Whether you work from home or the office, your desk can be a nerve-wracking place to be. Follow these tips to make your workspace—and possibly your whole workplace—less stressful for yourself and your coworkers or employees.
Buy an SAD lamp light therapy
SAD lamps are bright, white lightboxes designed to mimic the effects of sunlight. They are used for light therapy, which is a way of treating seasonal affective disorder (SAD), sleep disorders, and, sometimes, non-seasonal types of depression. If you tend to feel particularly tired, run-down, or apathetic during the winter months, you may well have seasonal affective disorder—according to some estimates, as many as a quarter of all Americans may suffer from some form of SAD. This means that even if you don’t have this condition, at least one of your employees, coworkers, roommates, or family members is likely to.
Buying a lightbox, however, might be a sensible investment in the wellbeing and productivity of your workforce, regardless of whether anyone in your work environment has SAD. Many believe that using a lightbox in the darker months can boost your productivity, help you sleep better, promote a healthy metabolism, and reduce the feeling of ‘cabin fever’ that many experience once the weather turns cold and dark. This is because exposing yourself to sunlight—albeit an artificial version of it—helps reset your circadian rhythm. Give it a try—it might have a much bigger effect on your stress levels than you anticipate.
Install a few mirrors
On the subject of light in ‘light therapy’, mirrors are a great way to increase the amount of light in your office and make the space look bigger than it actually is. While you might find it distracting having a mirror right in front of your desk, a few well-placed reflective surfaces, perhaps in the hallway or on the opposite wall to a window, will make your office feel less oppressive and constrictive. To brighten up the space even more, take advantage of some JCPenney coupons and buy a few colorful frames for your mirrors.
Wear a pair of blue light glasses
The increased use of computers and phones during the COVID-19 pandemic has alerted many to the dangers of blue light. Blue light is the type of light emitted by digital screens, and there is some evidence that exposure to it can cause eye strain, sleep problems, and retinal damage. As well as using a blue light filter on your devices, you should buy yourself a pair of blue light glasses—a special type of glasses with lenses designed to filter blue light out. If you already wear prescription glasses, make sure you ask your optician to add an anti-glare coating to your lenses, and then only use dedicated lens cleaning cloths to clean your glasses in order to preserve the coating for as long as possible. Avoiding headaches and insomnia will definitely be worth the added expense.

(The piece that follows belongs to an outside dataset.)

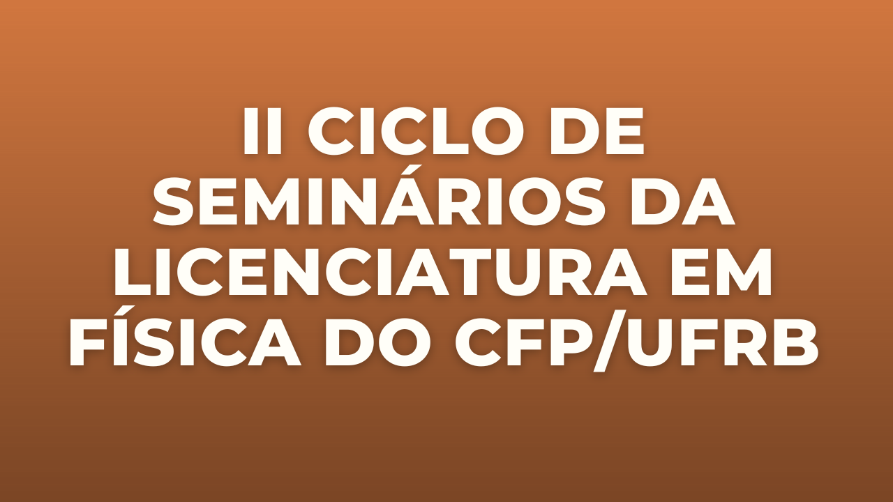 A atividade consiste em um conjunto Seminários realizados por docentes da Área de Conhecimento Física e Sociedade do CFP/UFRB, e por docentes externos, de outros Centros da UFRB e outras Instituições de Ensino (e.g., UFBA, UEFS, IFBA e IFBaiano), sobre temas de suas pesquisas. Nesta segunda edição do Ciclo serão realizados entre doze e vinte Seminários, um a cada quinzena ou mês no período de agosto/2021 a agosto/2022. Esta iniciativa visa dar continuidade a uma ação iniciada no I Encontro da Licenciatura em Física da UFRB - realizado em set/2016, a saber, a apresentação e discussão de temas diversos das Áreas de Física e Ensino de Física. Buscamos, ainda, adquirir expertise para torná-lo uma ação permanente, tendo em vista as importantes contribuições que pode trazer para a comunidade acadêmica e não acadêmica de Amargosa/BA.

Invest in a white noise machine
Offices and homes can be extremely noisy environments, both due to the presence of other people inside the building and, unless you live in the middle of nowhere or in an incredibly well-insulated building, due to traffic noise and other acoustic pollution coming in from the street. Some studies have revealed the possibility that background noise increases stress levels and impairs the brain’s capacity to think clearly and retain information. There are also studies suggesting that this may successfully be countered by white noise—the sound obtained by combining all frequencies, which is used to mask other sounds. Some people believe that white noise is a more calming and less distracting acoustic background for the office than music, and listening to white noise may be linked to the release of anti-stress hormones. If you don’t want to spend money on an expensive white noise machine, you could also consider purchasing a white noise app on your phone and playing the sound through speakers.
Get some fidget toys
Finally, a great way to help you stay focused and to reduce your stress levels at the same time is to keep a few stress toys on your desk. These are particularly useful for neurodivergent people—such as those with attention deficit and hyperactivity disorder, autistic spectrum conditions, or developmental coordination disorder—but even if you are neurotypical, you may well find that having something to fiddle with helps your concentration and keeps your stress levels down. While there are countless ‘sensory toys’ and ‘fidget toys’ designed with the specific needs of some neurodivergent people in mind, you could also use more traditional toys such as yo-yos or sponge balls. Some people even like to run their hand through a bowl of paper clips—think of Michael from the Netflix show The Good Place! Just try a few options until you find one that works for you.